Take the lines from the head of the listing through the one bearing "Мікродобрива для позакореневого" and copy them exactly, leaving every picture out.

> Data shown

+---+

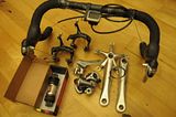 18sp Groupset, Dura Ace rear derailleur, ultegra front, crankset and flightdeck with computer. Techtro brake calipers. Also included is 3t drops (cinelli tape) and raceface bottom bracket, there are a few scratches on the derailleur and the chrome on the hoods but all in perfect working order £75 the lot.
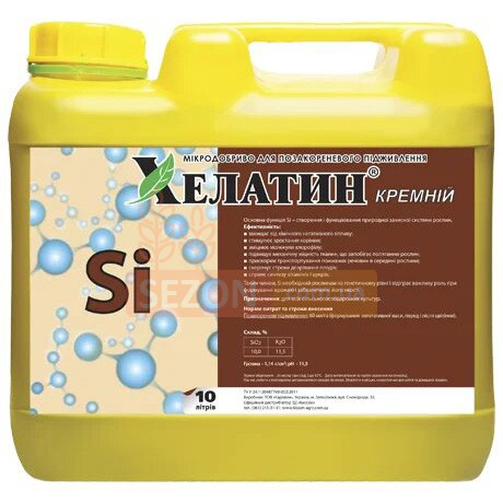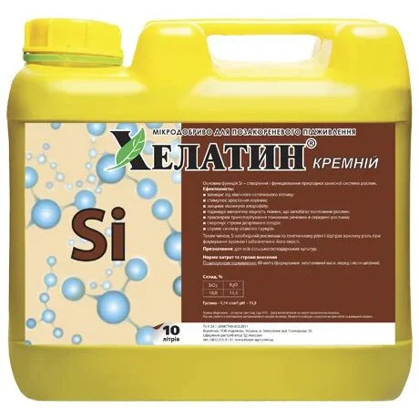 Мікродобрива для позакореневого підживлення. Основна функція Хелатіна Кремнія – створення та функціонування природної захисної системи рослин. Кремній, при попаданні на лист, утворює невидиму плівку, яка запобігає сонячним опікам.
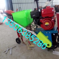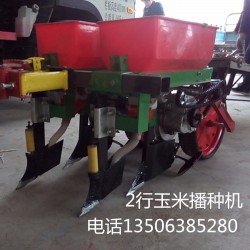 玉米新款免耕施肥播种机 双行玉米播种机本公司今年新研发的一款用手扶车带玉米播种机,是在原来的产品基础上进一部完善,播种更准确,化肥种子同时播,适合土壤比较板结和麦茬播种,肥料种子大小多少都能进行调节,坚固耐用。播种机与手扶拖拉机牵引座连为一体,随手把能灵活升降,具有结构简单,造价低廉,操作方便等优点,是配套手扶拖拉机的一种小型播种机。该播种装置由料斗、播种轮、主动轮、链轮、链条组成,其特征是料斗下方至少设有一个水平安置的播种轮,该播种轮有一个与其垂直啮合的齿轮,在主动轮的支承件上设置一压力器,设有压力器的料斗支架上的主动轮可围绕其中心线摆动.可连续播种各种种子。

+---+

> Task response
 18sp Groupset, Dura Ace rear derailleur, ultegra front, crankset and flightdeck with computer. Techtro brake calipers. Also included is 3t drops (cinelli tape) and raceface bottom bracket, there are a few scratches on the derailleur and the chrome on the hoods but all in perfect working order £75 the lot.
 Мікродобрива для позакореневого підживлення. Основна функція Хелатіна Кремнія – створення та функціонування природної захисної системи рослин. Кремній, при попаданні на лист, утворює невидиму плівку, яка запобігає сонячним опікам.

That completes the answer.